Process each bill in order.

If the bill is `5`:

1. Increase `five`.

If the bill is `10`:

1. We need one `$5` change.
2. If `five == 0`, return `False`.
3. Otherwise, decrease `five` and increase `ten`.

If the bill is `20`:

1. We need `$15` change.
2. If we have one `$10` and one `$5`, use them.
3. Otherwise, if we have at least three `$5` bills, use them.
4. Otherwise, return `False`.

If all customers are processed, return `True`.

## Correctness

The algorithm processes customers in the given order, which is necessary because change can only come from earlier customers.

For a `$5` bill, no change is needed, so adding one `$5` bill to the register is correct.

For a `$10` bill, the only possible exact change is one `$5` bill. If no `$5` bill is available, serving this customer is impossible. Otherwise, giving one `$5` and keeping the `$10` bill is forced.

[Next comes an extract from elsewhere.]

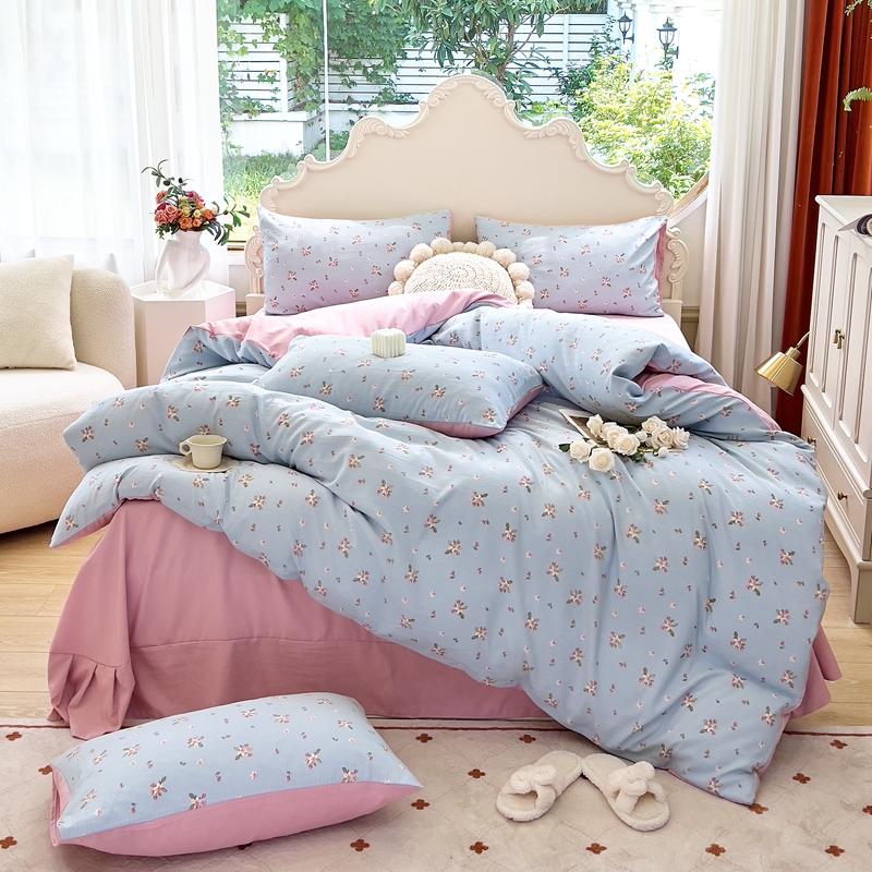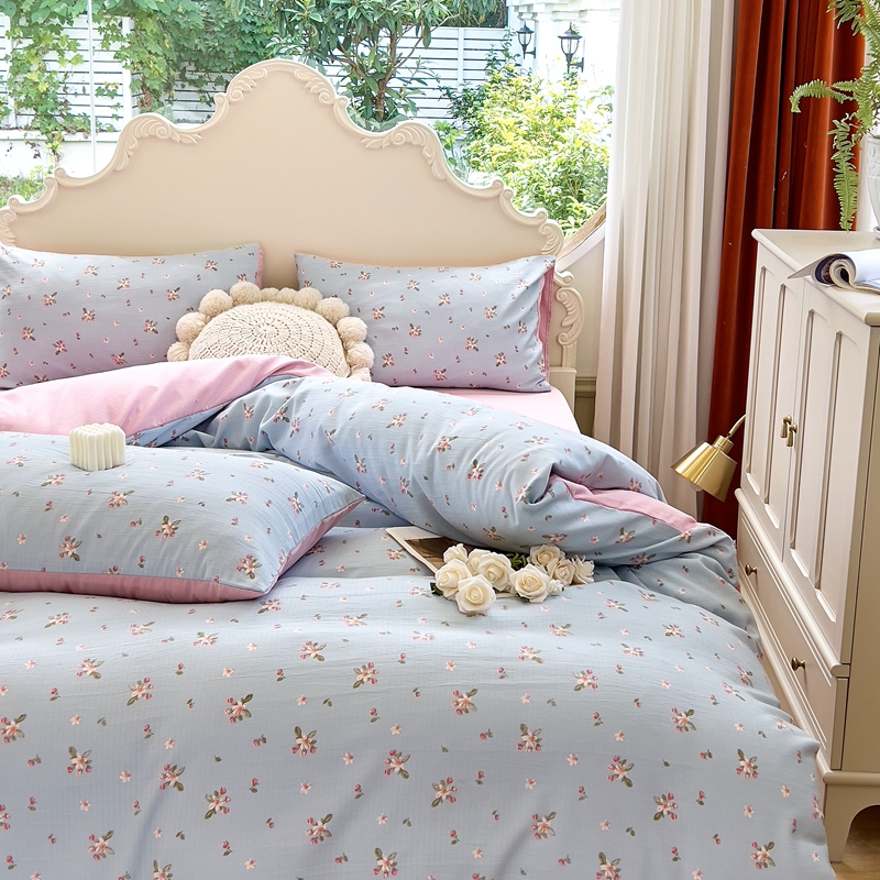 梦莱斯 2023新款小竺棉印花四件套 花溪蓝

For a `$20` bill, exact change is `$15`. The possible useful combinations are one `$10` plus one `$5`, or three `$5` bills. If one `$10` and one `$5` are available, using them is safe because it preserves two extra `$5` bills compared with using three `$5` bills. Since future `$10` customers require `$5` bills, preserving `$5` bills cannot make future transactions worse.

If neither valid change combination is available, no exact change can be given, so returning `False` is correct.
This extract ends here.